13 · septiembre · 2021

Suicidio, señales de alerta

Hablar de depresión crónica severa, es en gran parte de los casos, abrir la puerta a la posibilidad de riesgo suicida, según datos de la Organización Mundial de la salud se presentan cerca de 800.000 suicidios a nivel mundial a causa de esta enfermedad mental y nuestro país no es la excepción.

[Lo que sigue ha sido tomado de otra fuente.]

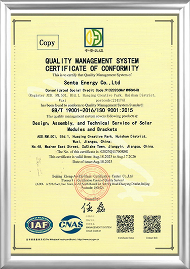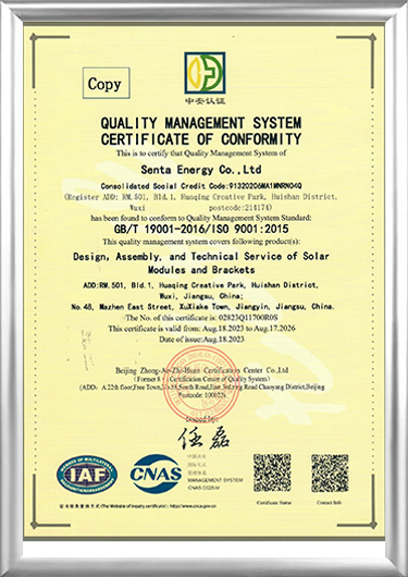 A 2016-ban alapított Senta Energy Co., Ltd., amelynek székhelye Wuxiban, Jiangsu államban található, egy high-tech vállalkozás, amely főként új energiájú fotovoltaikus energiatermeléssel és energiatárolással, új építésű előregyártott házakkal és új mezőgazdasági elosztott ültetvényekkel foglalkozik. Napelemes alkatrészek gyártói és Napelemes alkatrészek beszállítói. A független kutatás-fejlesztés, gyártás, értékesítés és szolgáltatás integrálásával elkötelezettek vagyunk amellett, hogy átfogó megoldásokat nyújtsunk a globális felhasználóknak az intelligens energia, az intelligens épületek és az intelligens ültetés teljes életciklusára vonatkozóan.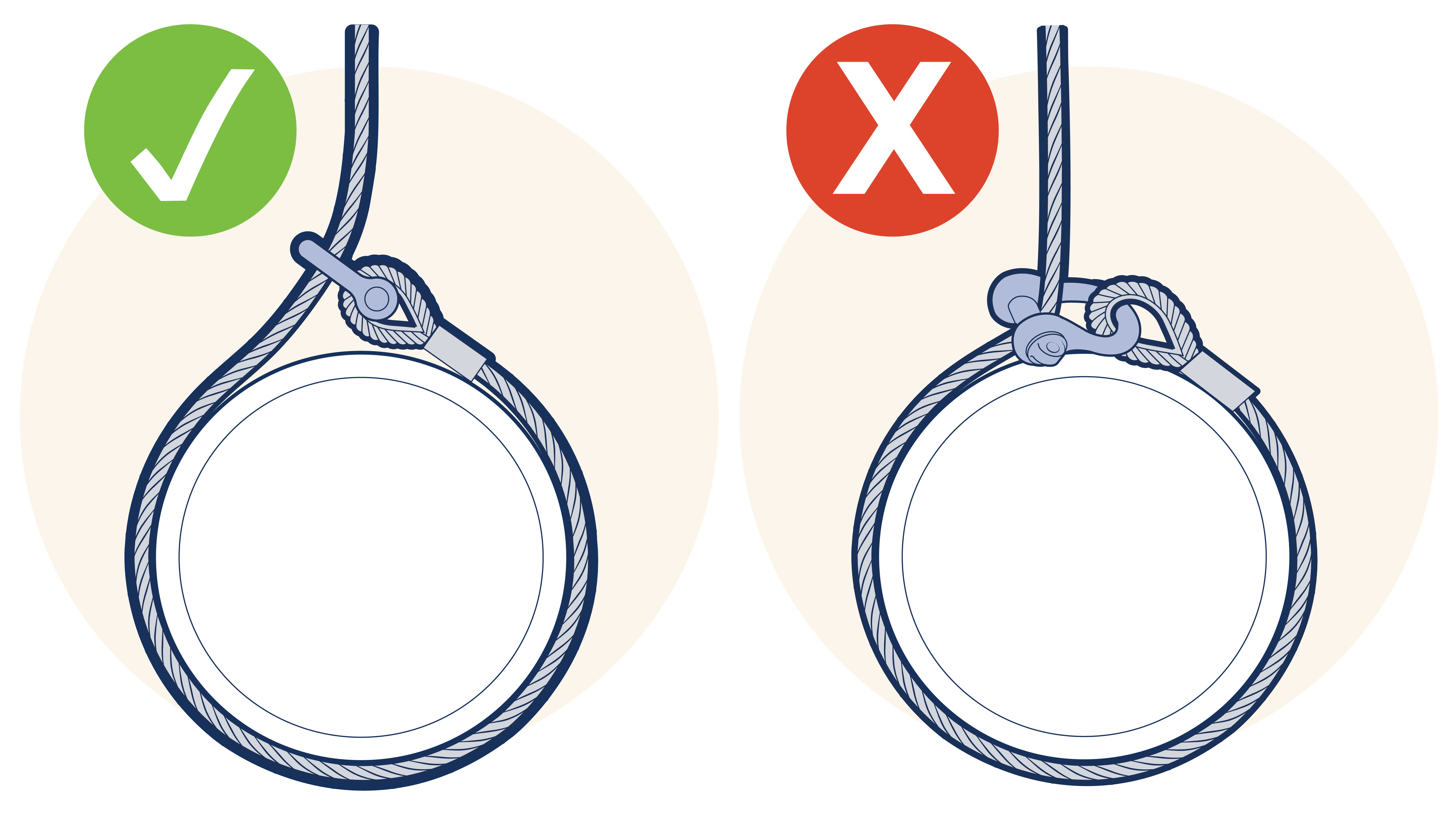 Figure 19.10-5 Correct - use two ropes with eyes. Incorrect - if the load shifts, the sling will unscrew the shackle pin.

La depresión no puede tomarse a la ligera, esta es una enfermedad con múltiples causas biológicas, psicosociales y genéticas que no necesariamente obedece a una razón externa identificable, por tanto, requiere de atención médica por parte de un especialista y en algunos casos el tratamiento incluye fármacos; entre las enfermedades mentales asociadas a las conductas suicidas también se encuentran el abuso de sustancias psicoactivas y los trastornos psicóticos. 

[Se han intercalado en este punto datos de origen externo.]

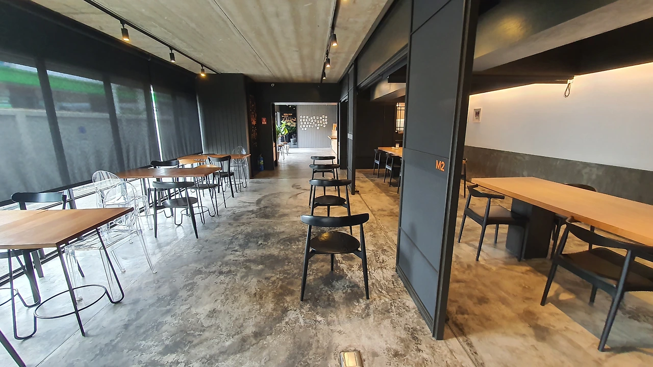 50평 되어 보이는 내부 공간에 6인용 대형 미팅 테이블 2개와 4인용 테이블 5개, 창가를 향해 있는 긴 바 테이블 등으로 구성해놓아 공간이 여유롭다. 개인적으로 긴 미팅 테이블을 좋아하는데 오늘은 주말 아침이라 직장인들이 없어 이른 아침 대학 중도의 대형 책상을 혼자 쓰는 호사를 누리는 기분이다.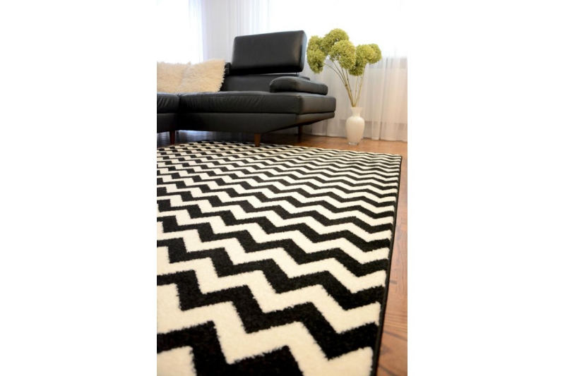 Килим SKETCH - F561 крем-чорний зигзаговий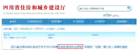 11月19日,四川省住房和城鄉建設廳發布《四川省住房和城鄉建設廳關于2021年度注冊建造師執業資格“雙隨機”檢查(第三批)結果的通告》,部分注冊建造師因未到崗或到崗率低,檢查不合格。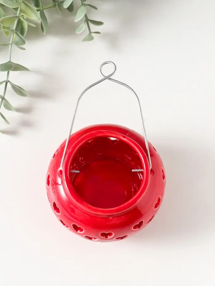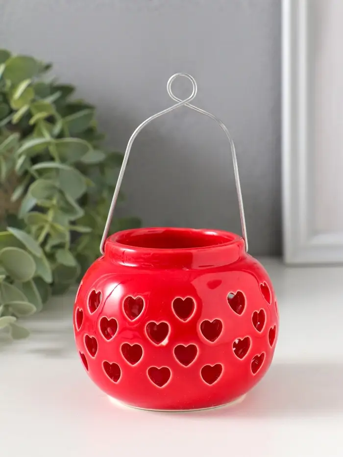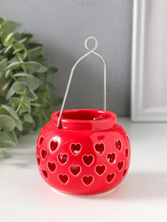 Подсвечник керамика 1 свеча "Фонарик с сердцами" красный 8х8х6,7 см

El suicidio afecta a todo tipo de personas y hoy por hoy constituye un problema de salud pública, que se encuentra entre las 15 principales causas de muerte; no obstante, como lo afirma la Dra. Diana Vivas, psiquiatra de la Clínica Imbanaco Grupo Quirón salud es prevenible: “No se pueden generalizar las razones específicas por las cuales las personas se están quitando la vida, cada quien tiene una experiencia de vida y experimenta el sufrimiento de una manera determinada y hay un sufrimiento que llega a tope por lo que esa persona concluye que no hay más salidas en su vida que la muerte. Existen síntomas de alarma y todos -padres, madres, hermanos, amigos- podemos sensibilizarnos frente a ellos, el lenguaje es determinante, a veces se verbaliza a través de ideas manifiestas donde la persona dice de forma explícita que se quiere morir o expresa ideas de soledad, impotencia o calificativos negativos de sí mismo y también existe un lenguaje preverbal -síntomas afectivos, espectro depresivo, conductas desorganizadas, agresividad, pérdida de interés en actividades que se solían disfrutar, autolesiones, despedirse de los seres queridos- y es en estas situaciones donde debemos estar más atentos, pues no expresar ideas de muerte no significa que no se tengan”.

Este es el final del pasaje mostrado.